*WORK TO COMPLETE:* After finding "Jorge Martín vuelve" in a line below, print that line and the rest of the lines exactly, leaving out all pictures.

*SOURCE MATERIAL:*
****

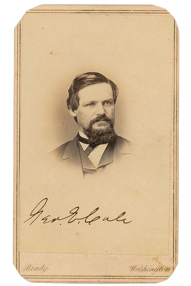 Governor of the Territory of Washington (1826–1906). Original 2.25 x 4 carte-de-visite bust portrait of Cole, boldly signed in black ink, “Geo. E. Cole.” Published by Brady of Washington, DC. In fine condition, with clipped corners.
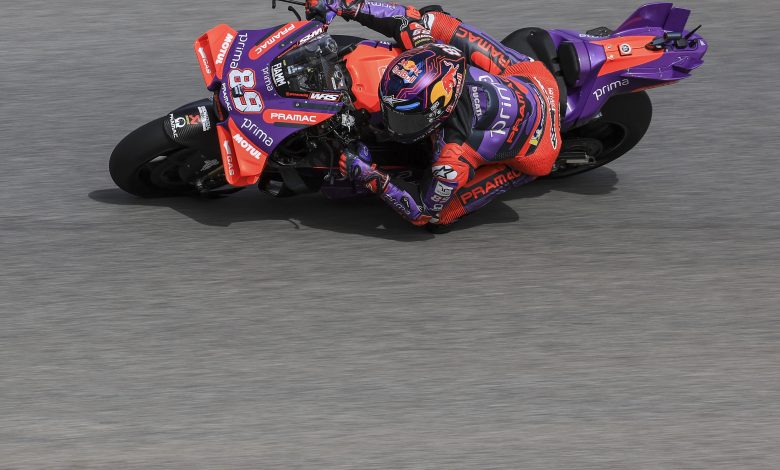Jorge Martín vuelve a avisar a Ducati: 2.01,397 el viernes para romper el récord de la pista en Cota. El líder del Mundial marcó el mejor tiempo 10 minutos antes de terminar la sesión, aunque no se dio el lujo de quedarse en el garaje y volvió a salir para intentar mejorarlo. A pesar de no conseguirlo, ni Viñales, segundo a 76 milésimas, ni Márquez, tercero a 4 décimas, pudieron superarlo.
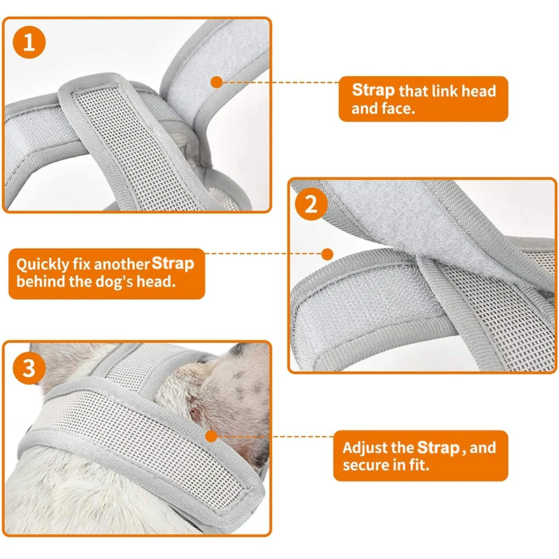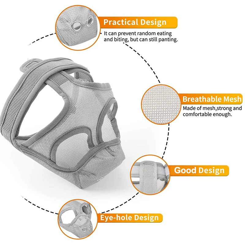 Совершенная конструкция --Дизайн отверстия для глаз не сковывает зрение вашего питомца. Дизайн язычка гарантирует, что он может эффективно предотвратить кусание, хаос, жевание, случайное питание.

****

*RESPONSE AREA:*
Jorge Martín vuelve a avisar a Ducati: 2.01,397 el viernes para romper el récord de la pista en Cota. El líder del Mundial marcó el mejor tiempo 10 minutos antes de terminar la sesión, aunque no se dio el lujo de quedarse en el garaje y volvió a salir para intentar mejorarlo. A pesar de no conseguirlo, ni Viñales, segundo a 76 milésimas, ni Márquez, tercero a 4 décimas, pudieron superarlo.
 Совершенная конструкция --Дизайн отверстия для глаз не сковывает зрение вашего питомца. Дизайн язычка гарантирует, что он может эффективно предотвратить кусание, хаос, жевание, случайное питание.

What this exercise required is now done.